● Information given
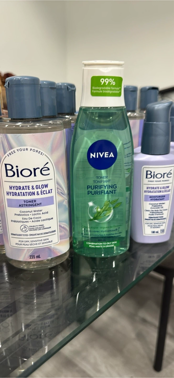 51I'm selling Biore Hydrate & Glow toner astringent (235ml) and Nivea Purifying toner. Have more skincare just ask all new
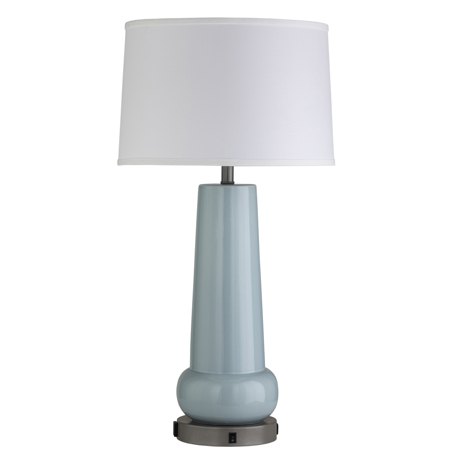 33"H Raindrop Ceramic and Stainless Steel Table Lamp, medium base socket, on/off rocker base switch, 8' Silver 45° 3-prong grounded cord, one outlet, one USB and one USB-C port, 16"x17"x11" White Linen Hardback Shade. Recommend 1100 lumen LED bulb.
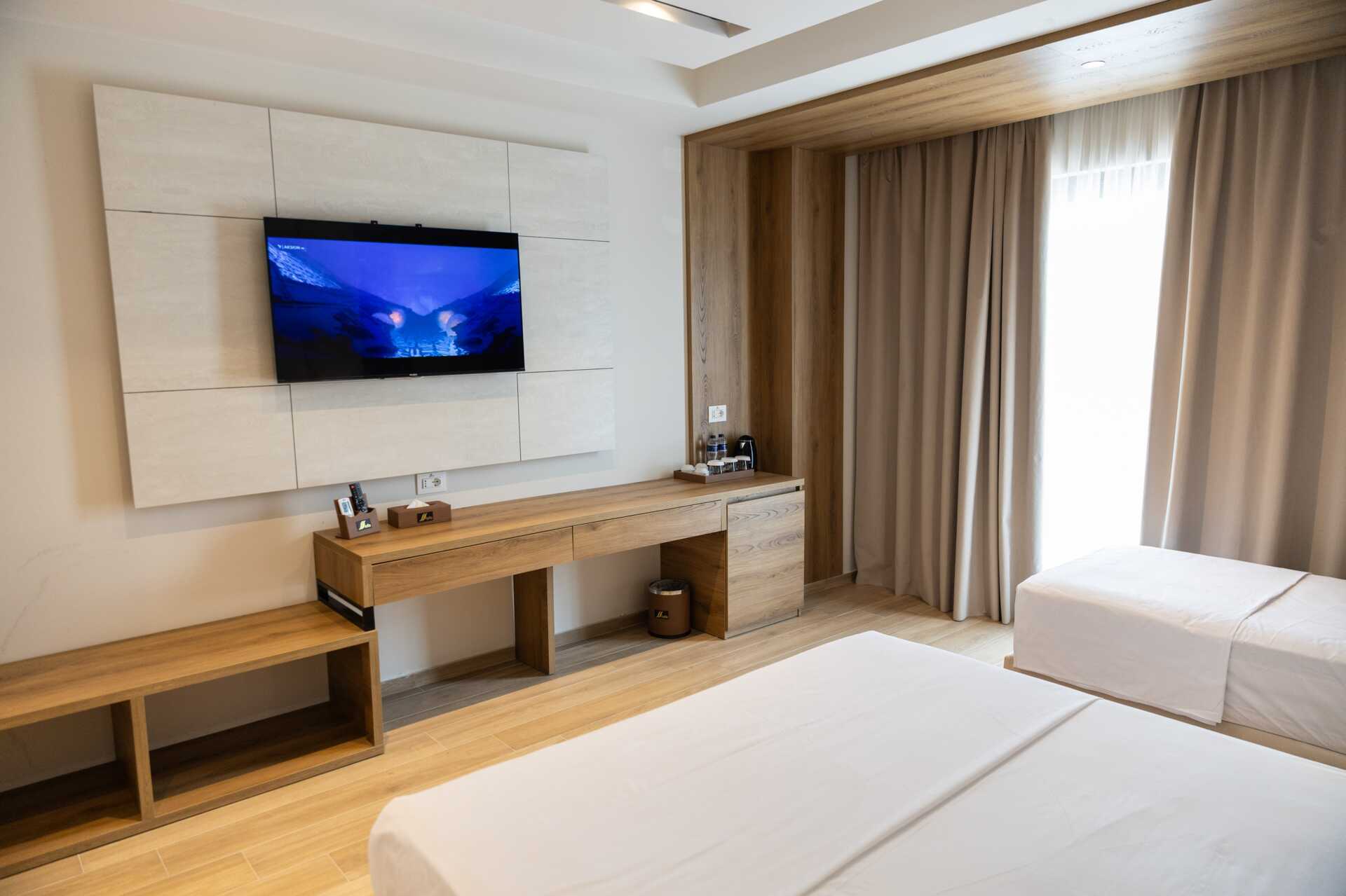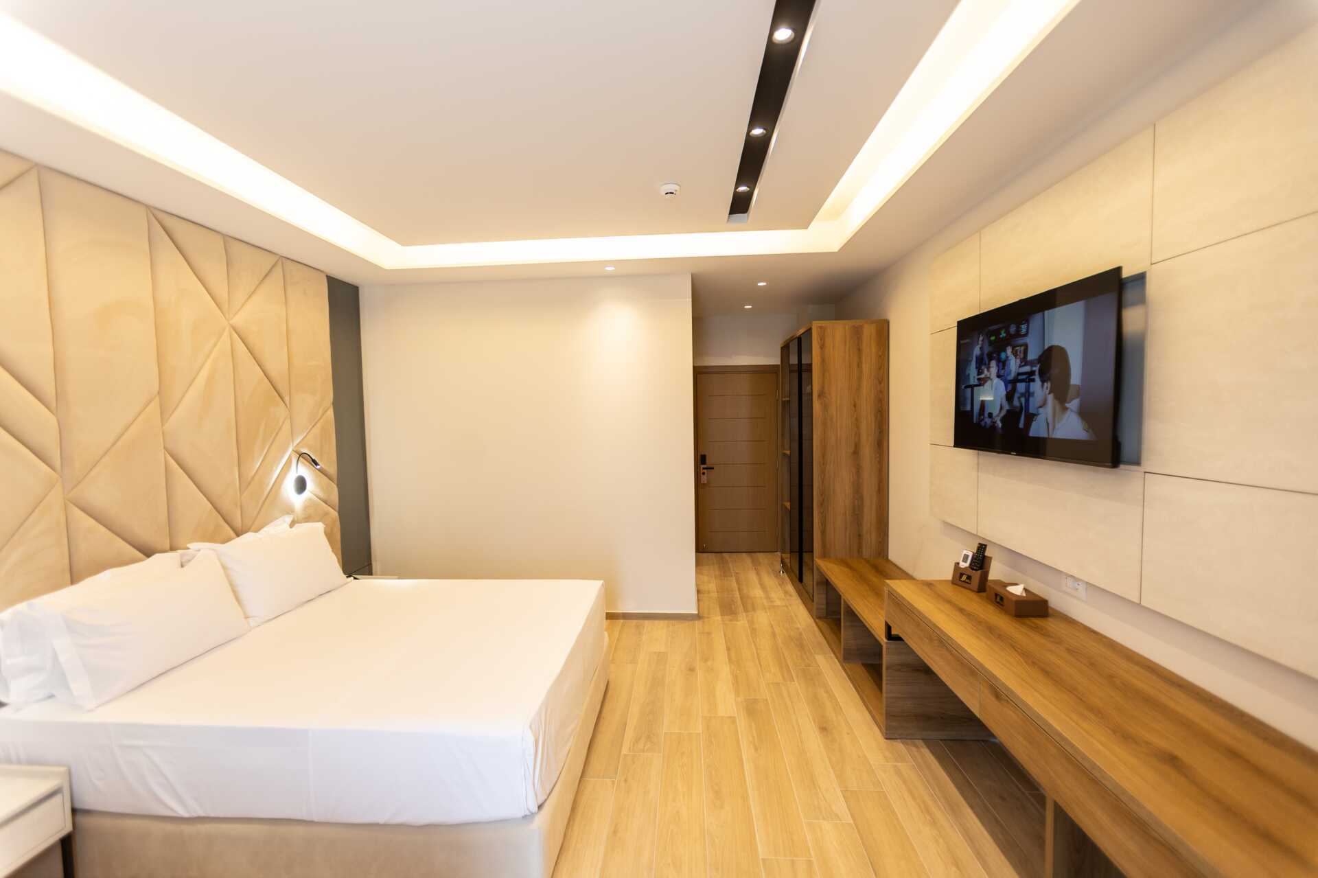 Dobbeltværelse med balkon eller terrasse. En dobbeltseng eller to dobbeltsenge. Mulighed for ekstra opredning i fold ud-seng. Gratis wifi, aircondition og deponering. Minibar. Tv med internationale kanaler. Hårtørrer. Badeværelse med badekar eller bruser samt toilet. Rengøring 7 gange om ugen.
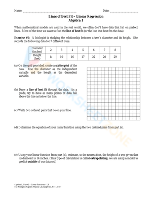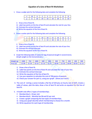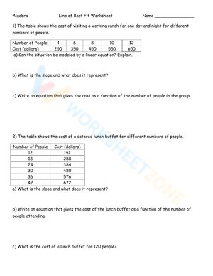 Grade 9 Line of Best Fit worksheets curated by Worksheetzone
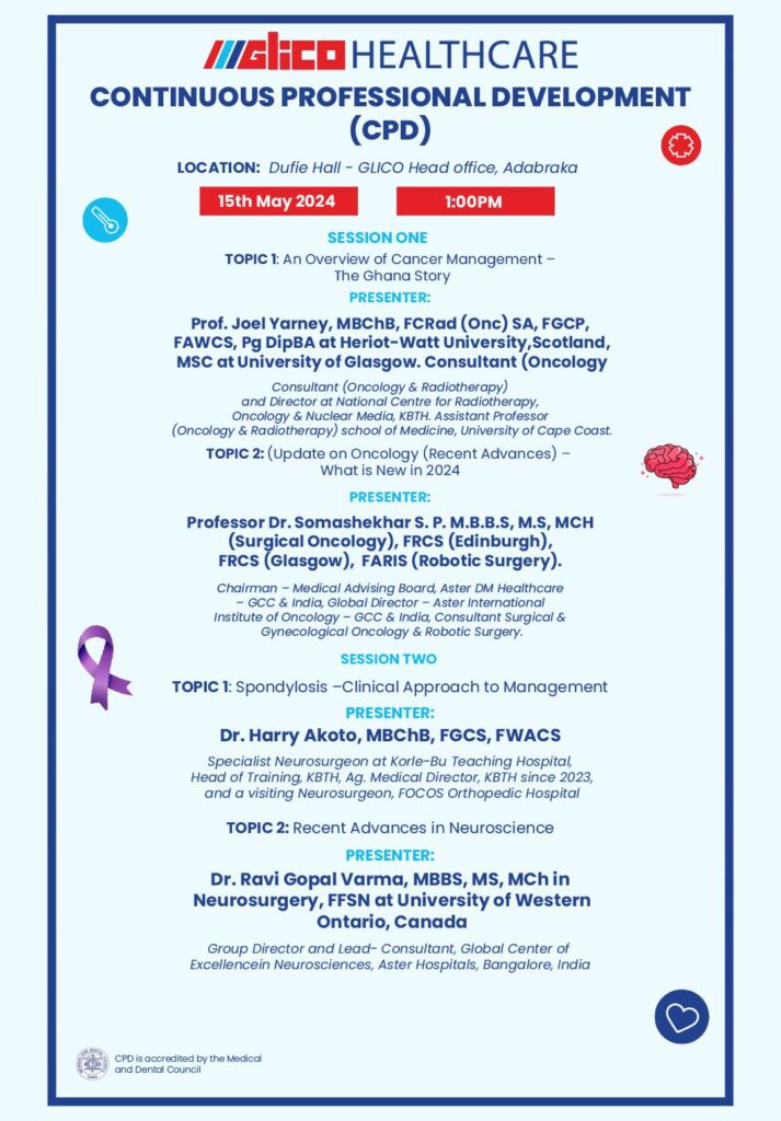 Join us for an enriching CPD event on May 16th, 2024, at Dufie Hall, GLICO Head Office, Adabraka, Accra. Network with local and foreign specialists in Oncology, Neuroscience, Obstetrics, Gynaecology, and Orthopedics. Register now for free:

● Work to complete
I would like the lines from the one with "Grade 9 Line" through the last line of the data above retyped exactly, with pictures left out, please.

● Task response
 Grade 9 Line of Best Fit worksheets curated by Worksheetzone
 Join us for an enriching CPD event on May 16th, 2024, at Dufie Hall, GLICO Head Office, Adabraka, Accra. Network with local and foreign specialists in Oncology, Neuroscience, Obstetrics, Gynaecology, and Orthopedics. Register now for free:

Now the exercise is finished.